As we can see above, the OpenAlex ID for the University of Alabama is “https://openalex.org/I17301866” or just “I17301866”

ua_openalex_id = 'I17301866'
endpoint = 'works'
filters = f'institutions.id:{ua_openalex_id}'
params = {
    'filter': filters,
    'api_key': API_KEY
}
ua_data = requests.get(BASE_URL + endpoint, params=params).json()

# Display resulting metadata
ua_data['meta']

{'count': 67900,
 'db_response_time_ms': 69,
 'page': 1,
 'per_page': 25,
 'groups_count': None,
 'cost_usd': 0.0001}

As we can see from the count in the metadata, these two approaches found the same number of publications.

3. Page through the Results of a Query#

In the examples above, we have only retrieved the first page of results for a query. If we wish to obtain all of the data for an institution, we must page through the results.

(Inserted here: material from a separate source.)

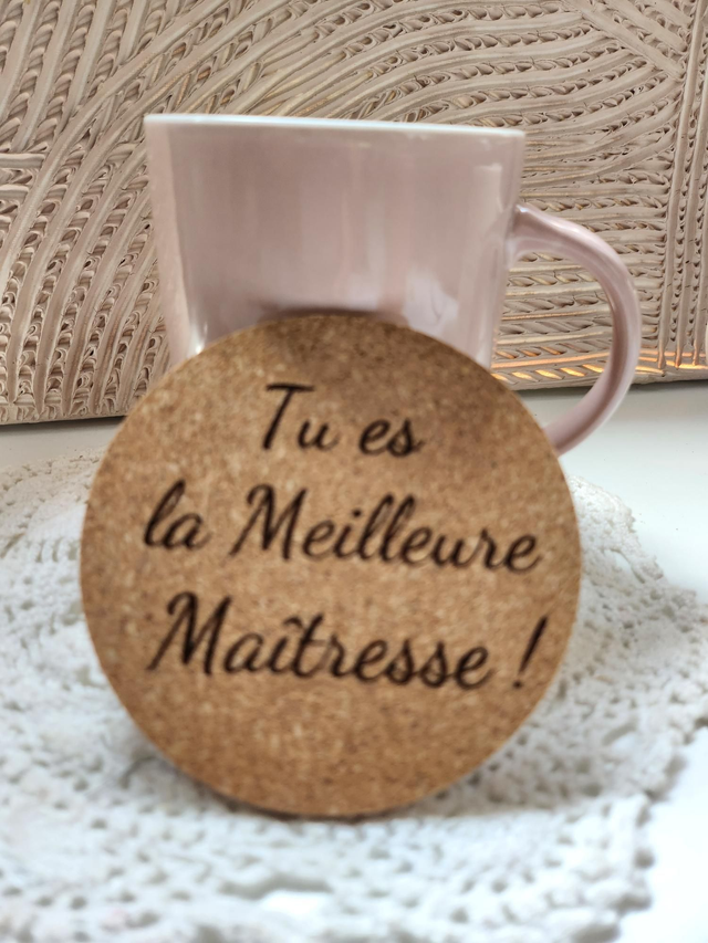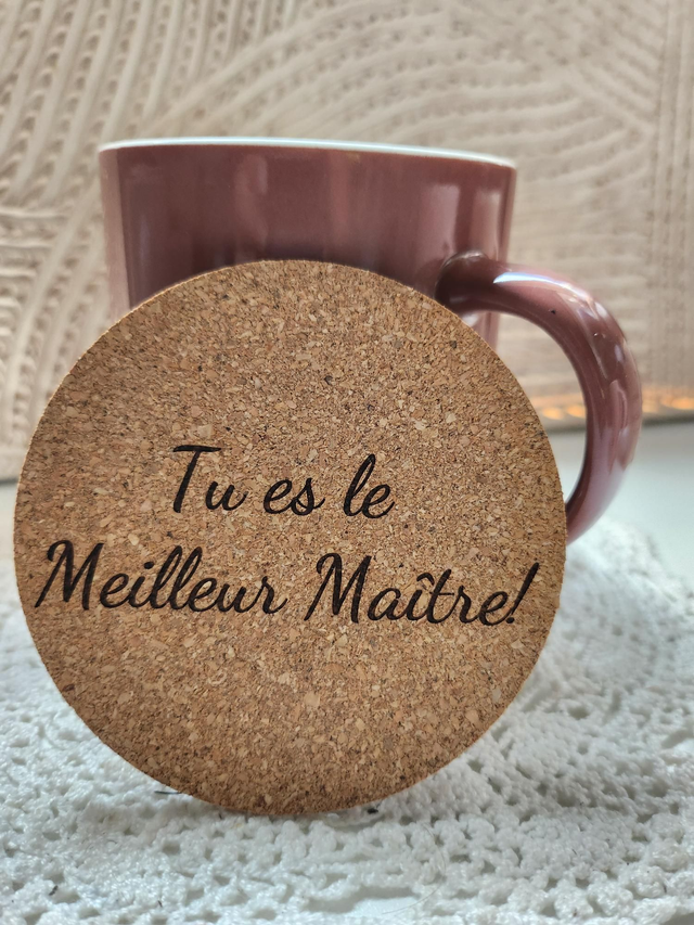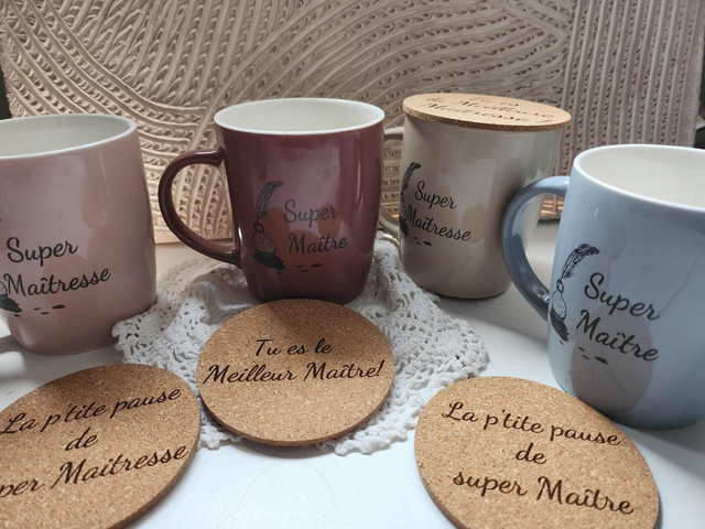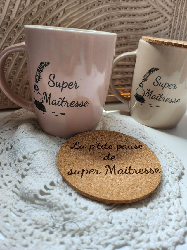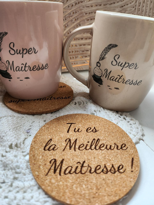 Mug pour Maîtresse ou Maître avec sous tasse en liège.

Paging is used in the example below to obtain all of the publications by UA in the OpenAlex database:

# Parameters for obtaining UA publications
endpoint = 'works'
filters = 'institutions.id:I17301866'

# The cursor to the next page is given in the metadata of the response
# To get the first page, we set the cursor parameter to '*'
cursor = '*'
page_size = 200

ua_articles = []

# When the end of the results has been reached, the 'next_cursor' variable will be null
# This while loop iterates through all pages of the results
while cursor is not None:
    params = {
        'filter': filters,
        'cursor': cursor,
        'per-page': page_size,
        'api_key': API_KEY
    }
    page_data = requests.get(BASE_URL + endpoint, params=params).json()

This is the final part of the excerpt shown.